Desde luego que no todo es perfecto, por el contrario, la invitación a reflexionar sobre la sinodalidad se da precisamente por una carencia de ella, advertida y puesta en oración por el Papa Francisco, quien la impulsa como norte de la Iglesia para responder a los desafíos del tiempo presente.
La tercera parte de la pregunta apela directamente al discernimiento: cuáles son los pasos -agregaríamos: actitudes, acciones o renuncias- a las que el Espíritu Santo nos llama para crecer en nuestro caminar juntos. Aquí lo fundamental es pedir claridad y docilidad, es decir, no solo implorar el Espíritu, sino dejarlo actuar, aunque ello represente en algunos casos desarreglo e incomodidad en el confort en que podríamos haber convertido nuestra vida y servicio en la Iglesia.
Decíamos que la sinodalidad es propuesta por el Papa como respuesta a los desafíos actuales, uno de ellos, sino el que más en este momento, es la paz.
Somos víctimas-testigos directos y permanentes de violencia a todo nivel y en todas sus expresiones.
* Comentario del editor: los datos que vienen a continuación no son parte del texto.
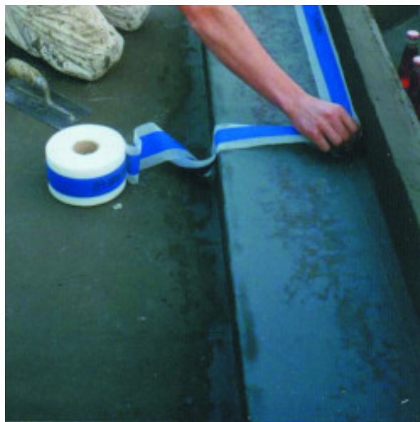
An example of Mapeband waterproofing a corner between the bottom and a side of a bath tub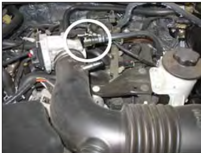
b. Unclip the plastic crankcase breather tube from the stock air inlet tube.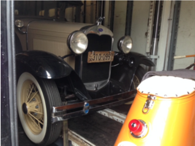
A first glimpse

Desde la violencia simbólica, cultural, la económica y semántica, a través de los medios de comunicación y en especial las redes sociales, con descalificaciones y ataques permanentes, expresiones de odio y rechazo, hasta los actos de la peor violencia diabólica que podamos imaginar, con guerras, matanzas, asesinatos, secuestros, pleitos, disputas, amenazas y extorsiones cotidianas.
Todo ello repercute en la familia y en las relaciones que se proyectan desde ella hacia todos los ámbitos sociales. La Iglesia no está exenta de esta creciente violencia, que en muchos ambientes se traduce precisamente en la imposibilidad de caminar juntos, de dejar de lado los egos y vanidades para ver el bien en los demás y permitir que asuman también su parte de responsabilidad en la vida de la Iglesia a todo nivel.
Por eso pensamos que un fruto de la conciencia sinodal debe de ser la paz, paz en el corazón, paz en las familias, paz en los trabajos, paz en las calles y paz en las estructuras de la Iglesia, una paz, que, como fruto de la Pascua, nos acerque, nos haga vernos como hermanos, derribando barreras y exclusiones que por tanto tiempo han creado castas donde siempre debió existir comunidad.
Por esto y por muchas otras razones es importante adherirnos al proceso sinodal, es una oportunidad de lujo que se nos ofrece a los creyentes para proponer y ser parte de nuevos caminos animados por el Espíritu Santo, en la construcción de una Iglesia cada vez más semejante a su Cabeza y Fundador.
Que el Señor nos ayude y nos permita ser herramientas útiles en sus manos, para que esta inquietud que ha nacido en el seno de la Iglesia sea levadura que transforme, en el tiempo y la forma que Él quiera, la vida y las relaciones de todos los seres humanos. Que seamos capaces de construir entendimiento y amor para caminar juntos, en participación, comunión y misión. Así sea.